Editing Errata

I've been swept along in the self-editing stream the past couple days, so anything I happen to see on the subject from news items and blog posts is gobbled up first. While catching up on the news feeds this morning, I spotted a 10 ways to become a better blogger article on ZDNet Asia, and down the rabbit hole I went.

Everything was fine for a while. Define your purpose, check; create visual appeal, check; use the proper tools, che . . . oops. Reverse thrusters, and return to the last sentence in that paragraph.

If your blog is hosted on a free public blog site, such as Blogger or Windows Live Spaces, you can write your posts in your e-mail client and send them to a special address you're given when you create your account. For many, this is the easiest way to post, although it doesn't show you the formatting.

For me, posting by e-mail is, in fact, the easiest and best way to do it. One thing I particularly like about this method is the pre-formatting I can do on the post before I send it to the host.

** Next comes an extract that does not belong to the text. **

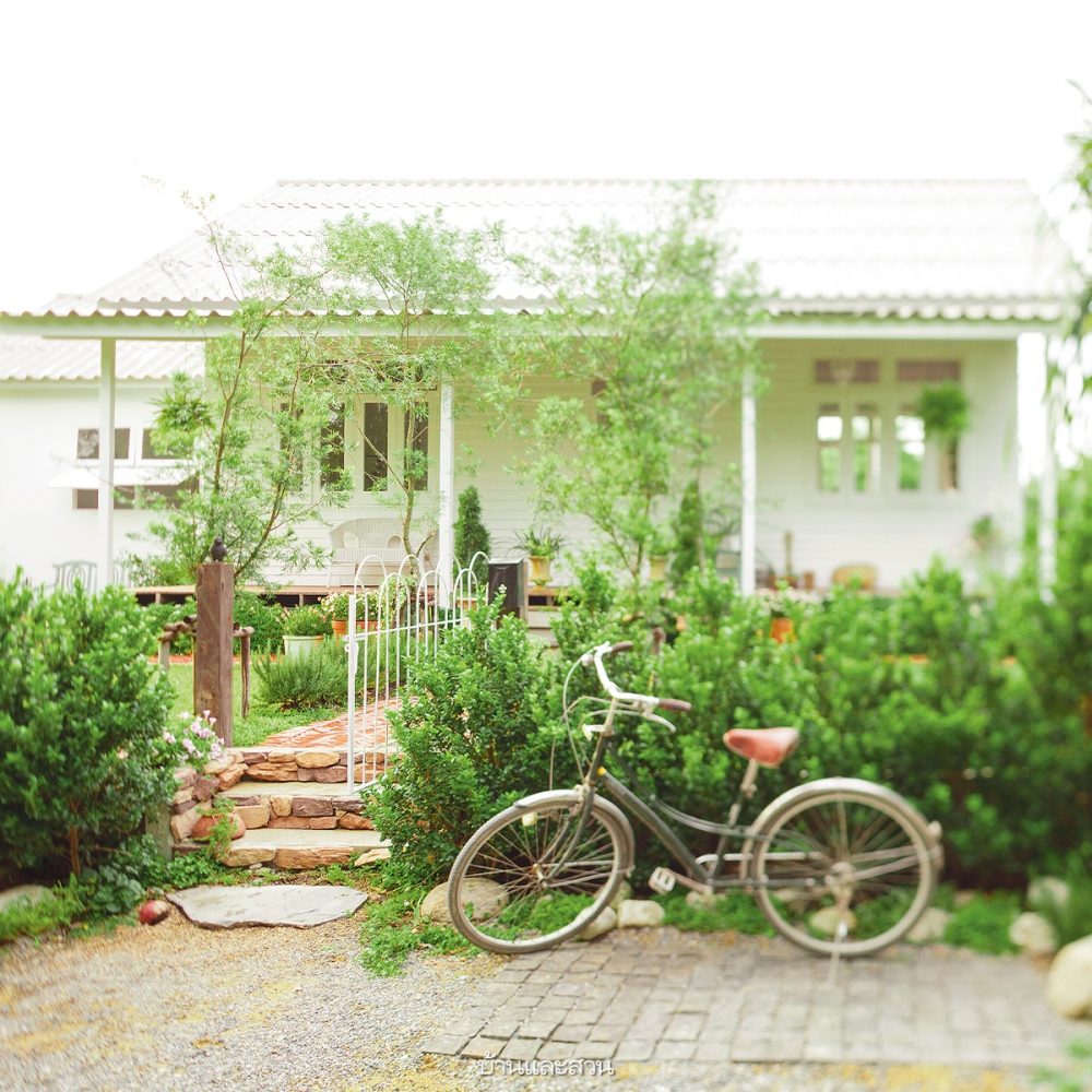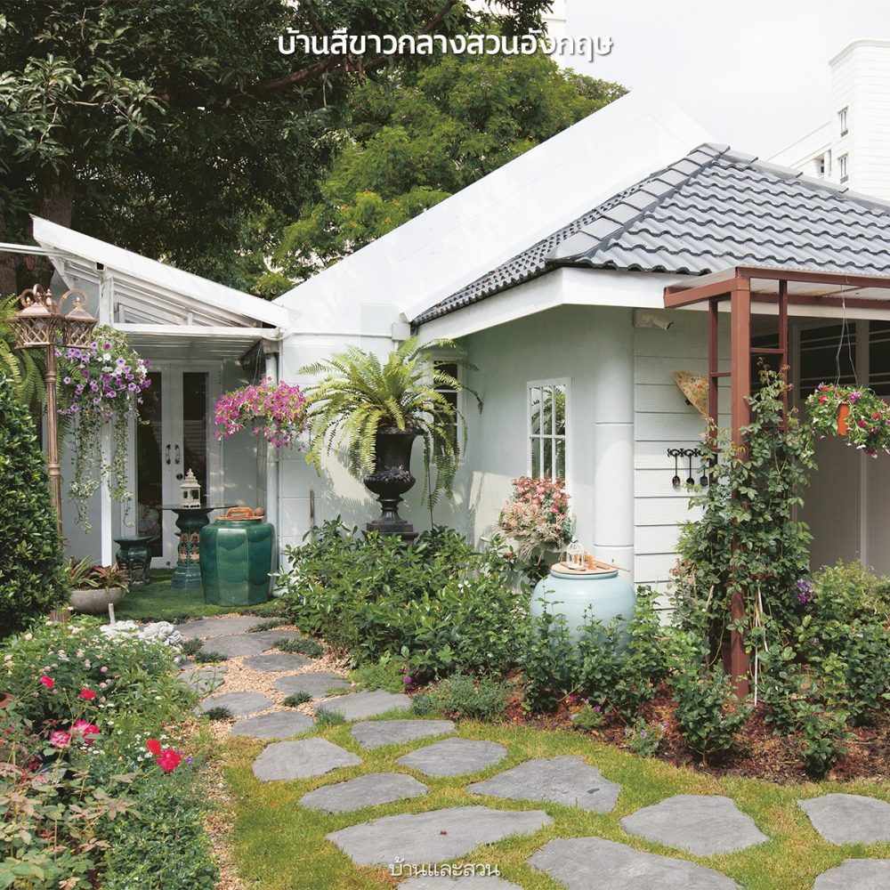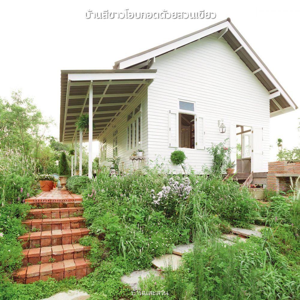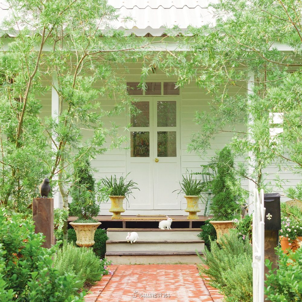 บ้านสีขาวโอบกอดด้วยสวนเขียว

This is possible because the post is already in HTML format, and therefore specifically does show me the formatting. If a word on my screen is red or blue, or underlined, or bold, it will be the same after it arrives at the host. If a quoted section is indented and italicized on my end—like the one above—it will be indented and italicized on the blog post, too. Same goes for bulleted lists, horizontal lines, and photos inserted within the text for that matter. To put it another way, WYS is very much WYG, even if you happen to be using the rudimentary mail client included with Windows.

As I mentioned on Wednesday, there are a few caveats when you're e-mailing HTML files to your blog host, but they have more to do with attempting to make certain changes to a page that's already formatted and ready to go. Some things can be changed with impunity even when the post is halfway out the door, but in general, it's best to do the writing with as little formatting as possible, and worry about layout after that part is done.

Ten good points in your article just the same, Ms. Shinder.